[Brief] Your copy of the entries must be exact, and it must not include the pictures.
##### Data shown
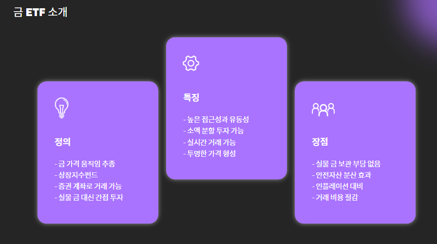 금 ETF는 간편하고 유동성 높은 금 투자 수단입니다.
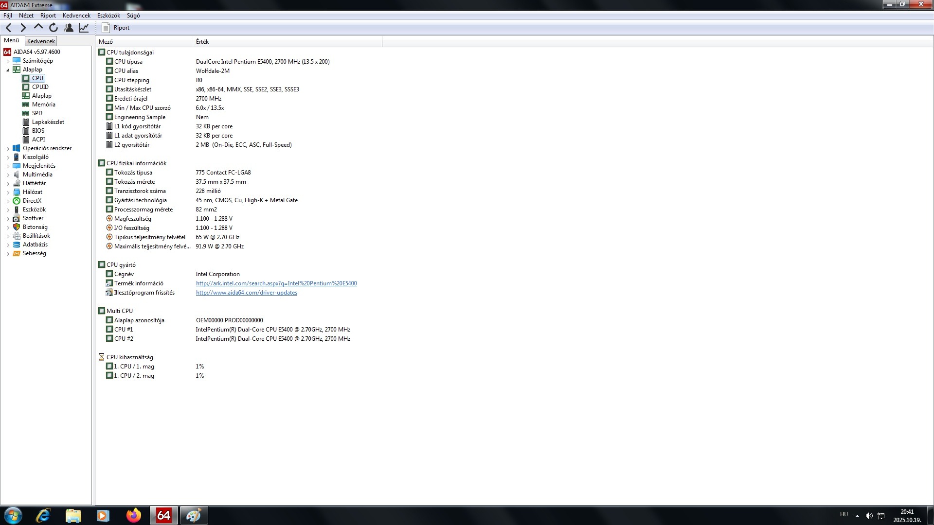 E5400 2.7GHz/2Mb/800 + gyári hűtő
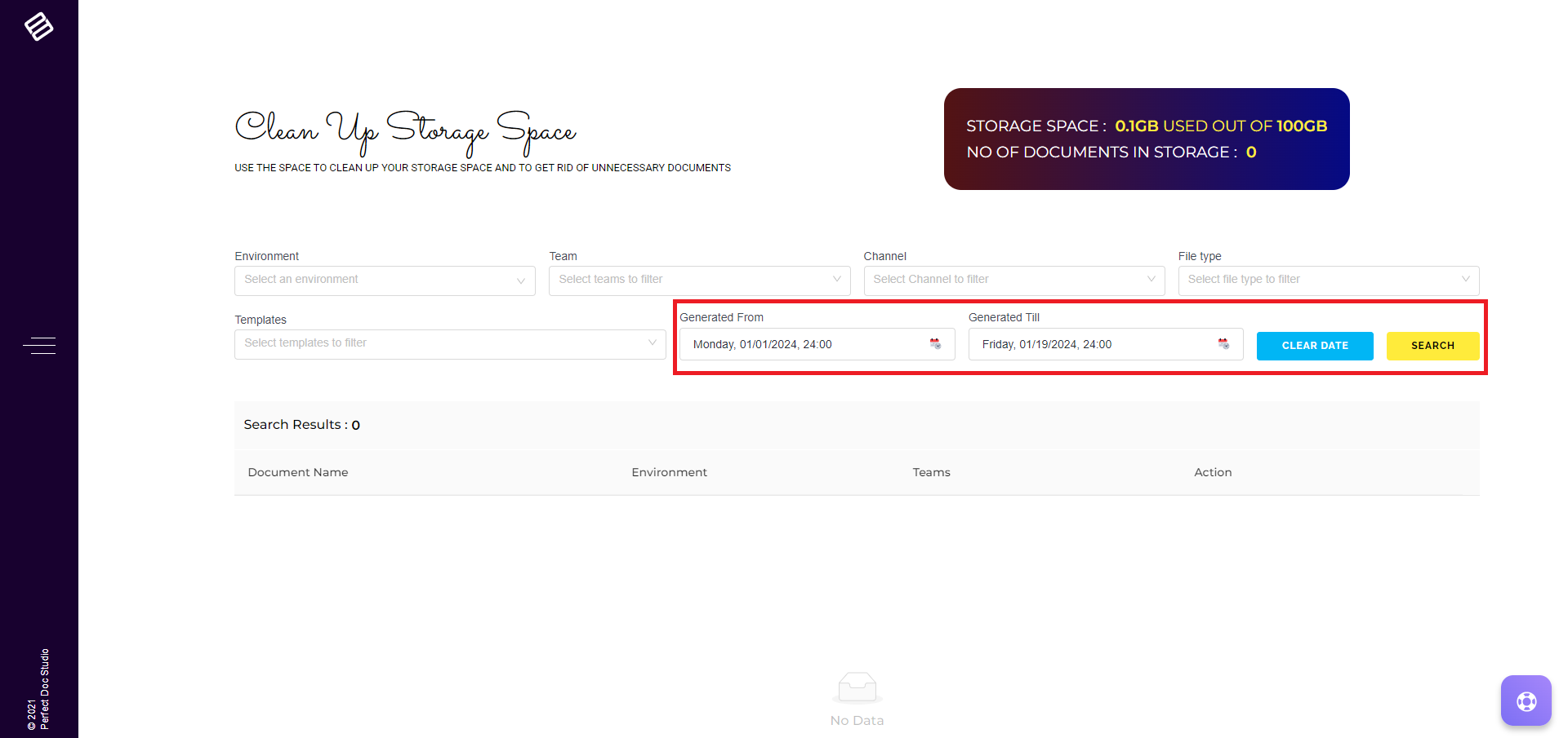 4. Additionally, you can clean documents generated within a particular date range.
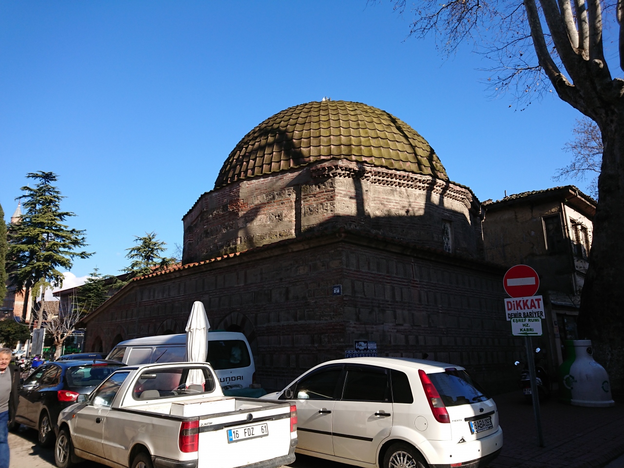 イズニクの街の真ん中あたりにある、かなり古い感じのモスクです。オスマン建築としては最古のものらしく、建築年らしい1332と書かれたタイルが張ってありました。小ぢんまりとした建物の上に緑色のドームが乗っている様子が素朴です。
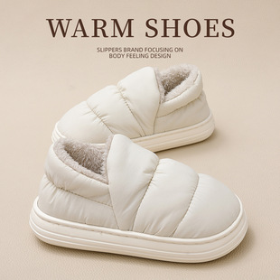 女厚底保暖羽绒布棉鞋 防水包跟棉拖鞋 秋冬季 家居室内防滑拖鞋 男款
##########
[Solution to this problem]
 금 ETF는 간편하고 유동성 높은 금 투자 수단입니다.
 E5400 2.7GHz/2Mb/800 + gyári hűtő
 4. Additionally, you can clean documents generated within a particular date range.
 イズニクの街の真ん中あたりにある、かなり古い感じのモスクです。オスマン建築としては最古のものらしく、建築年らしい1332と書かれたタイルが張ってありました。小ぢんまりとした建物の上に緑色のドームが乗っている様子が素朴です。
 女厚底保暖羽绒布棉鞋 防水包跟棉拖鞋 秋冬季 家居室内防滑拖鞋 男款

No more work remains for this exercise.